Spatial proteomics datasets

The pRolocdata package

pRolocdata is a Bioconductor experiment package (release and devel pages) that collects published (mainly, although some unpublished datasets are also available) mass spectrometry-based spatial/organelle and protein-complex dataset. The data are distributed as MSnSet instances (see the MSnbase for details) and are used throughout the pRoloc and pRolocGUI software for spatial proteomics data analysis and visualisation.

Current build status:

Build Status

Installation

library("knitr")
library("pRolocdata")
x <- data.frame(pRolocdata()$results[, -(1:2)])
colnames(x) <- c("Data", "Description")
if (!requireNamespace("BiocManager", quietly=TRUE))
    install.packages("BiocManager")
BiocManager::install("pRolocdata")

Once installed, the package needs to be loaded

library("pRolocdata")

Available datasets

Currently, there are r nrow(x) datasets available in pRolocdata. Use the pRolocdata() function to obtain a list of data names and their description.

pRolocdata()
kable(x, format = "markdown")

Loading data

Data is loaded into the R session using the load function; for instance, to get the data from Dunkley et al (2006), one would type

data(dunkley2006)

To get more information about a given dataset, see its manual page

?dunkley2006
## or
help("dunkley2006")

The datasets

Each data object in pRolocdata is available as an MSnSet instance. The instances contain the actual quantitative data, sample and features annotations (see pData and fData respectively). Additional MIAPE data [1, 2] experimental data is available in the experimentData slot, as described in section Required metadata below.

The source of these data is generally one or several text-based spreadsheet (csv, tsv) produced by a third-party application. These original files are often distributed as supplementary material to the research paper and used to generate the R objects. These source spreadsheets are available in the package's inst/extdata directory. The R script files, that read the spreadsheets and create the R data is distributed in the inst/scripts directory.

Suggested metadata

Additional metadata is available with the pRolocmetadata() function as detailed below.

Species

Documented in experimentData(.)@samples$species

Tissue

Documented in experimentData(.)@samples$tissue. If tissue is Cell, then details about the cell line are available in experimentData(.)@samples$cellLine.

PMID

Documented in pubMedIds(.).

Spatial proteomics experiment annotation

Documented in experimentData(.)@other: - MS ($MS) type of mass spectrometry experiment: iTRAQ8, iTRAQ4, TMT6, LF, SC, ... - Experiment ($spatexp) type of spatial proteomics experiment: LOPIT, LOPIMS, subtractive, PCP, other, PCP-SILAC, ... - MarkerCol ($markers.fcol) name of the markers feature data. Default is markers. - PredictionCol ($prediction.fcol) name of the localisation prediction feature data.

Example

experimentData(dunkley2006)@samples
pubMedIds(dunkley2006)
otherInfo(experimentData(dunkley2006))

## all at once
pRolocmetadata(dunkley2006)

Adding new data

The procedure to data in pRolocdata is as follows. Here, we assume that 3 new data files are available from the manuscript of Smith et al. 2017, and these files will be added to pRolocdata as three MSnSet objects.
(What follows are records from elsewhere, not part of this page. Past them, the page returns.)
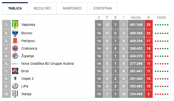 Nova Gradiška BD Gruppe Austria na gostovanju s 31:27 svladala je Osijek 2 i tako došla do petog ovosezonskog slavlja. Do pete pobjede došli su i rukometaši Broda koji su na gostovanju svladali Slaviju 22:27. U tom susretu po deset pogodaka postigli su kod domaćina Filip Mandić te kod gostiju Josip Sarić. Četvrtu ovosezonsku pobjedu obilježili su rukometaši LiPe koji su na gostovanju kod Orahovice slavili s plus šest, odnosno konačnih 31:37. Marin Poljak kod Orahovice postigao je jedanaest pogodaka, dok je prvi strijelac susreta gostujući Andrija Krucki s dvanaest.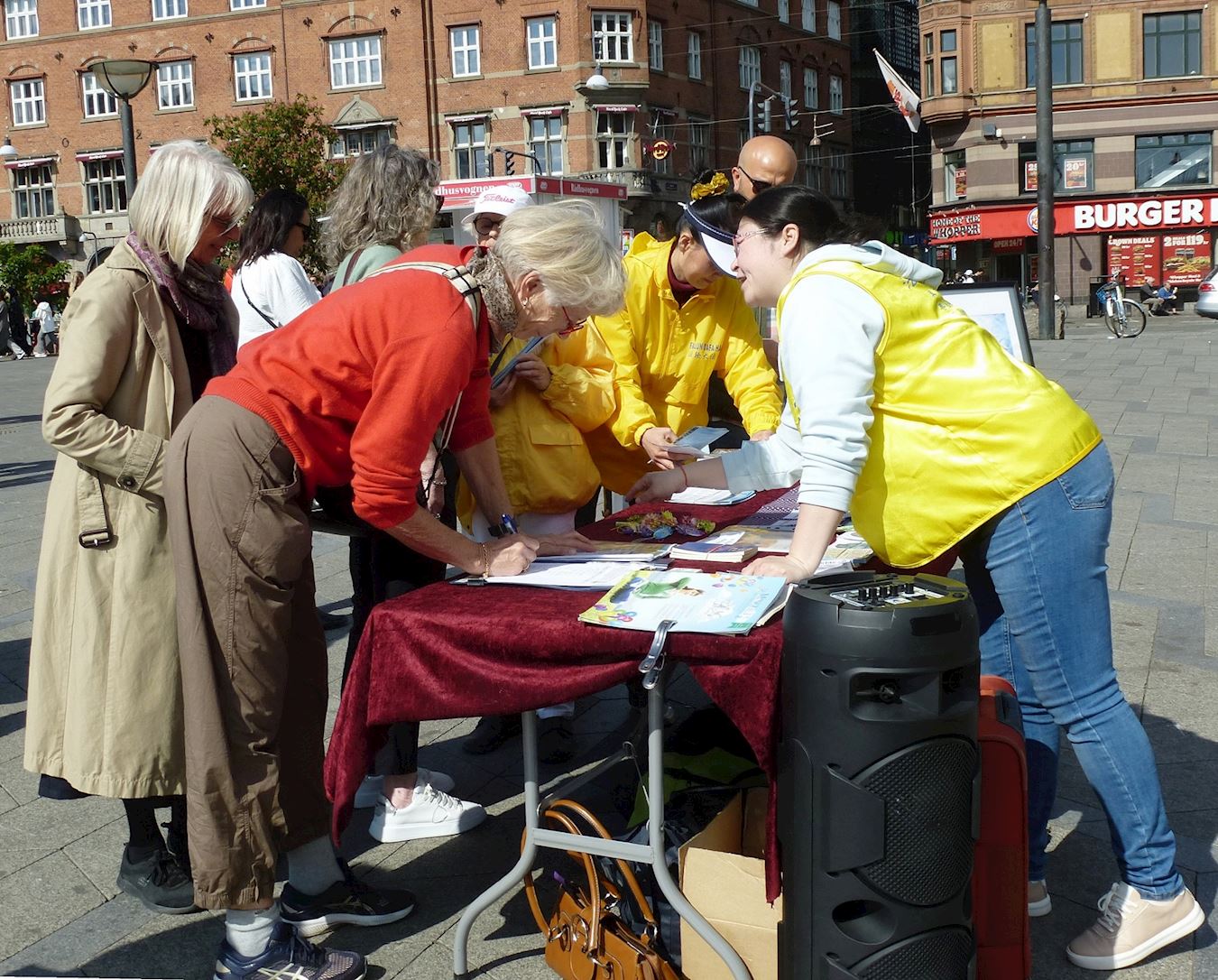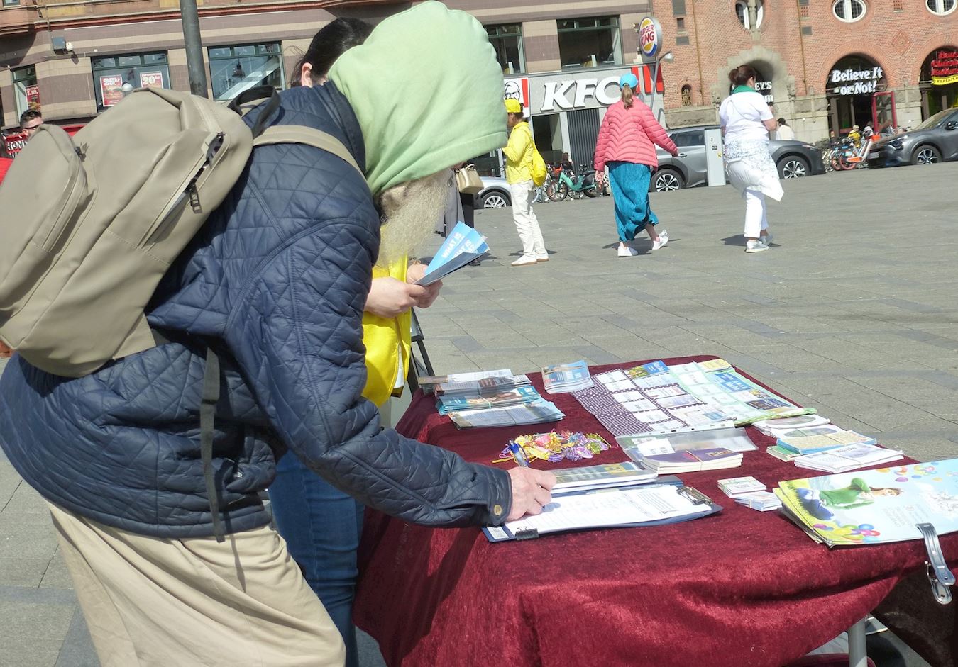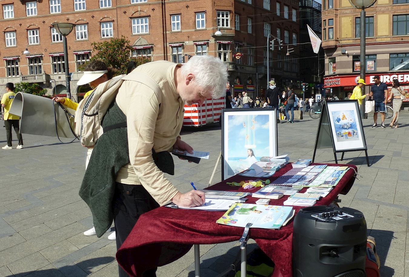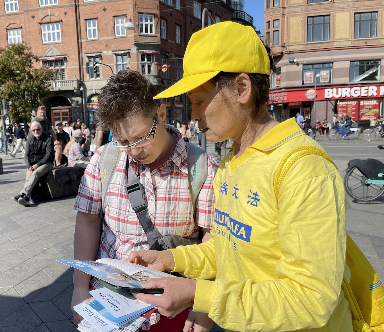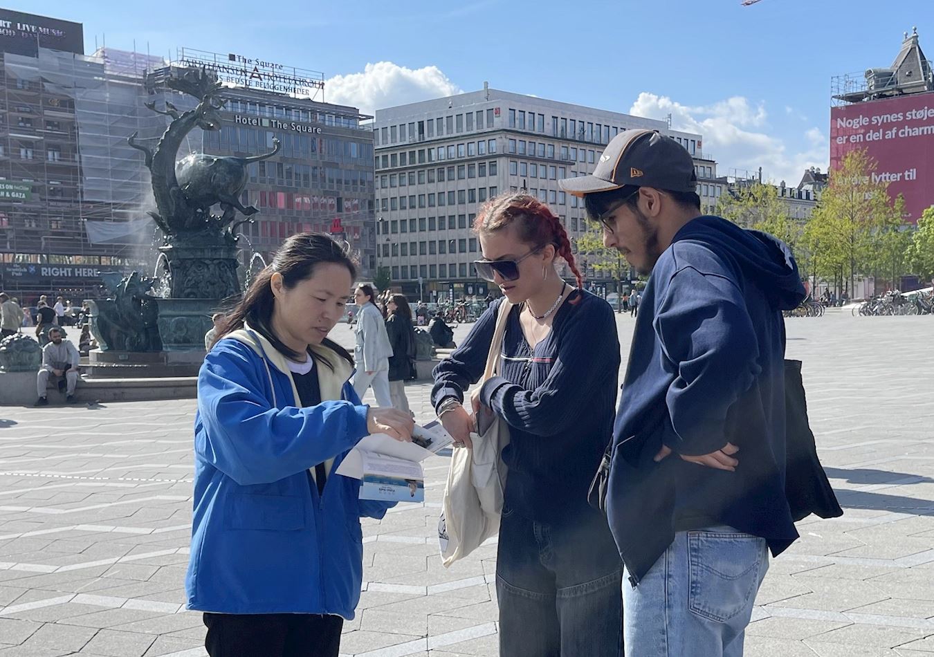 住在瑞典第二大城市歌德堡的年轻人,周末来到哥本哈根度假。他走向活动现场,听完学员告诉他法轮功的真相后,他问道:修炼法轮功能不能改善身体状况?他因为儿时打疫苗产生的副作用,睡眠非常差,工作和学习都不能够专心,精力集中不起来,造成紧张焦虑。学员告诉他,人修炼之后能够净化心灵,改善身体状况,缓解紧张焦虑,使内心平静,心情愉悦。他表示非常感兴趣。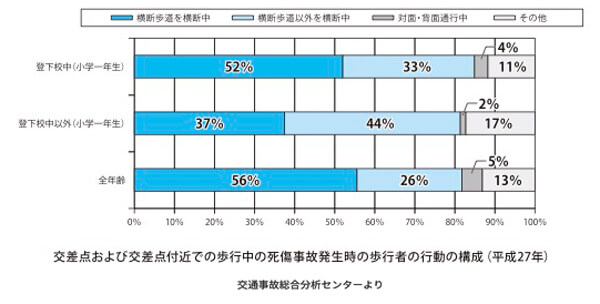 「7歳の壁」とも言われていますが、入学後の1年生は歩行中の交通事故が全年齢においても一番多く、さらにその多くは登下校中に起きています。

  1. the original data (often from supplementary material) are added to inst/extdata, say Smith_expA.csv, Smith_expB.csv and Smith_expC.csv (the name should ideally be the same as the original files), and the files and provenance is documented in inst/extdata/README. If the data files are really big, then they should be compressed. If they are too big (for example don't fit on github or would substantially increase the size of the package), then we might decide not to added them, but they should still be documented in the README file and the script (see point 2) should still assume they are there.

  2. A script, typically called Smith2017.R, is added to inst/scripts/. That script reads the files above and saves the corresponding (compressed) MSnSet objects directly in data, typically called Smith2016a.rda, Smith2016a.rda, ..., and the objects themselves would be named Smith2016a, Smith2016b, ...
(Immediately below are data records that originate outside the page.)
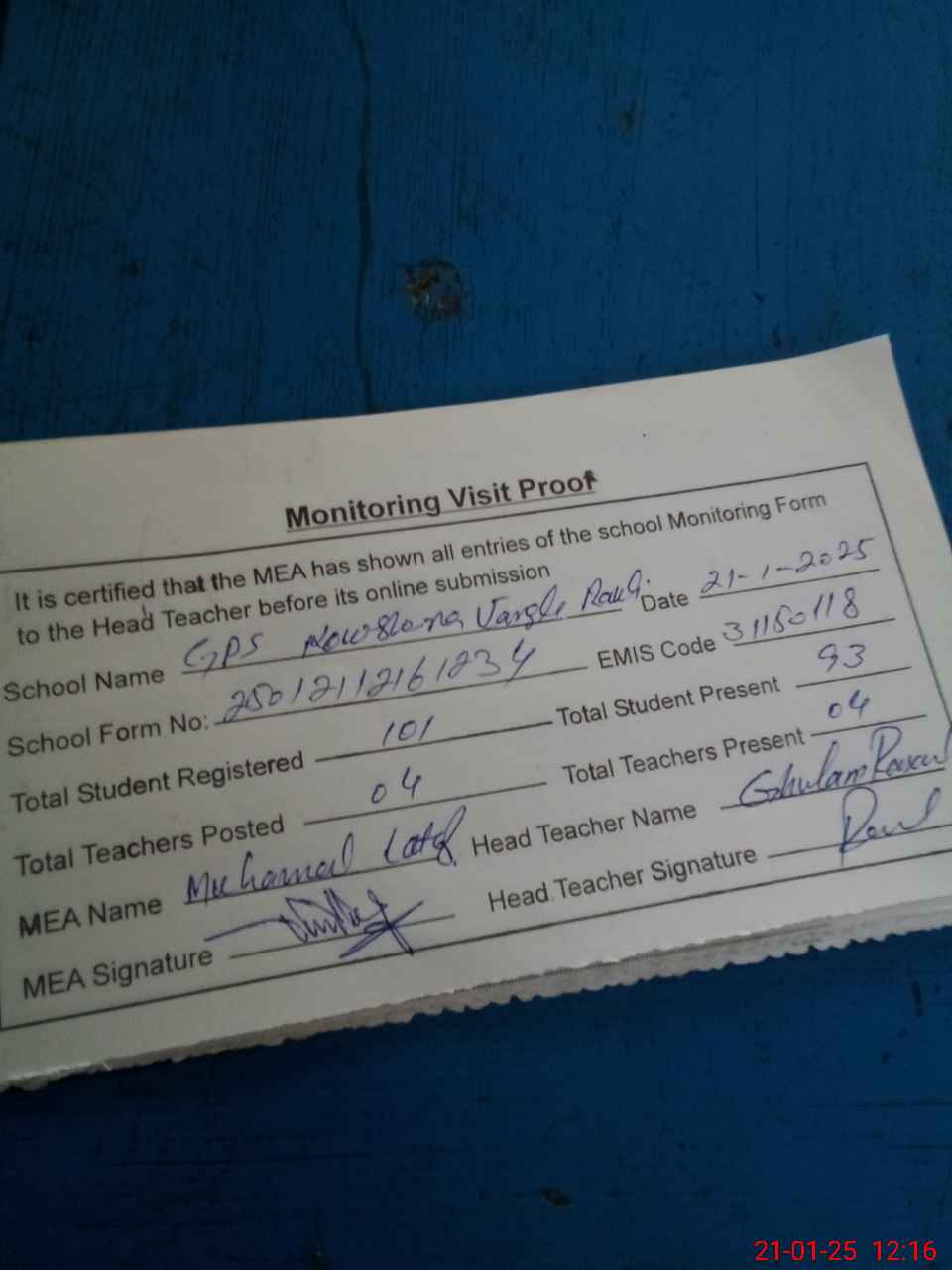 | Attendance Register | Head Teacher | MEA with School | Visit Proof |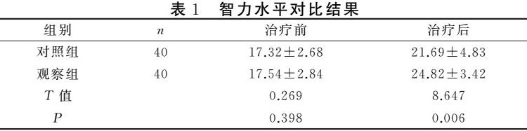 治疗后,对照组患者智力水平评分为21.69±4.83,观察组患者智力水平评分为24.82±3.42,观察组高于对照组,两组数据差异显著(P<0.05),具有统计学意义,如表1所示。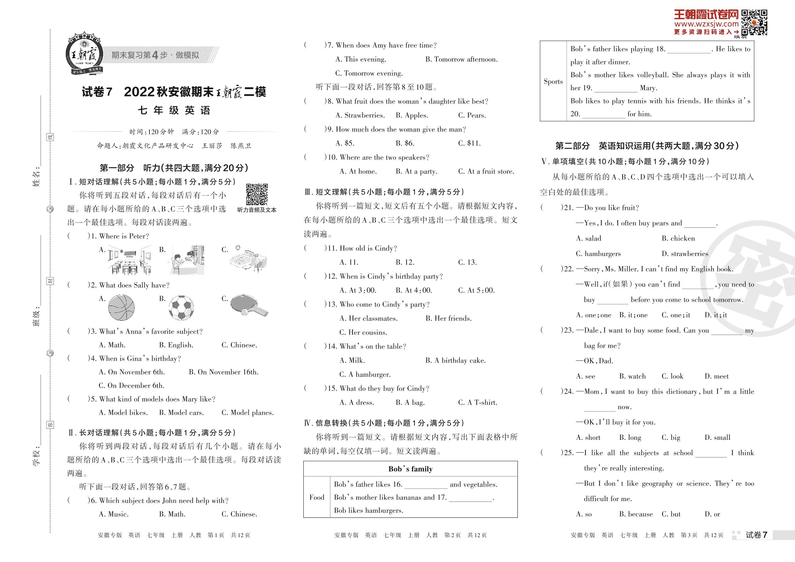 王朝霞期末模拟卷七年级上册英语(人教版)_R221124152011018【7】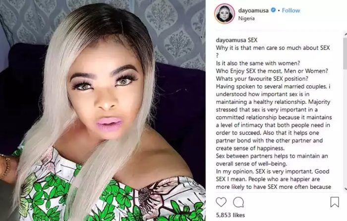 Nollywood actress Dayo Amusa has made a post on social media stating that sex in a relationship is very important, as this helps the couple to bond.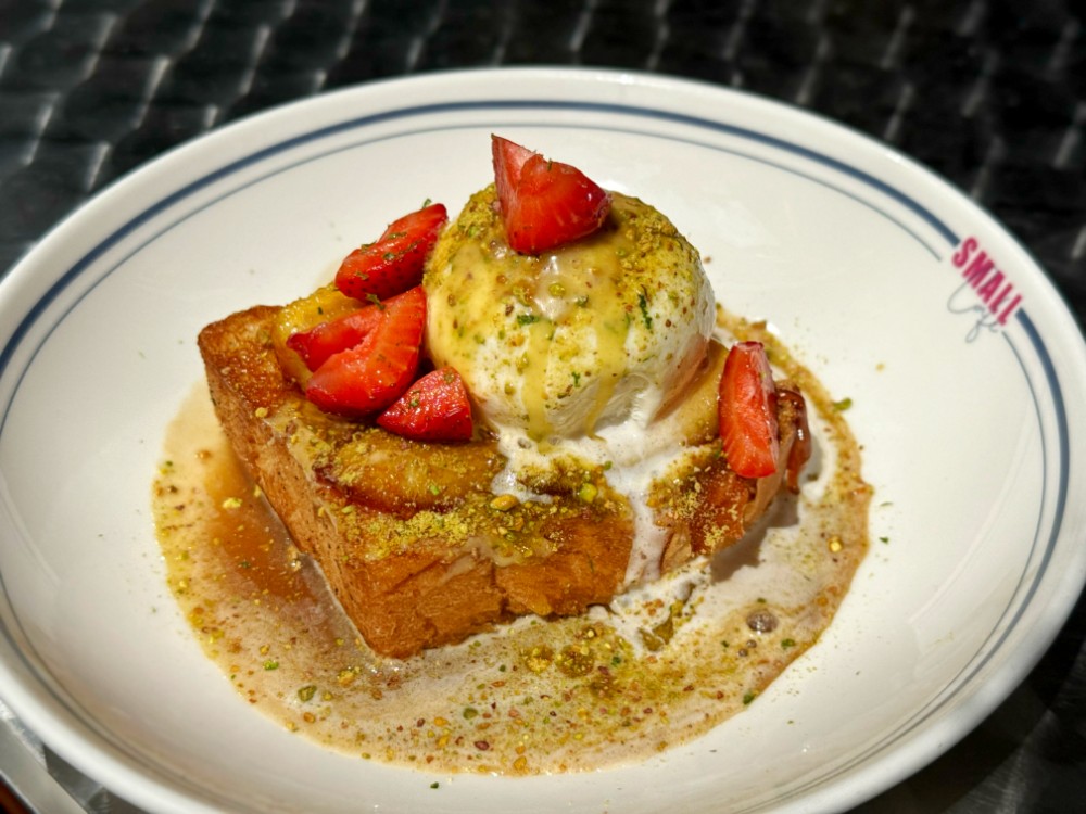 Френч Тост з карамелізованим бананом, солоною карамеллю та домашнім морозивом

  3. Write a man/Smith2016.Rd documentation file documenting all relevant data objects, providing some information about the experiment and data provenance, and a reference to the original paper.

  4. Build and check the package and, if successful, send a github pull request.

If you do not have the R expertise to prepare the data, please open an issue in the pRolocdata Github repo or send me an email at laurent.gatto<AT>uclouvain<dot>be with the source csv files and appropriate metadata and I will add it for you.



lgatto/pRolocdata documentation built on Oct. 17, 2024, 10:16 p.m.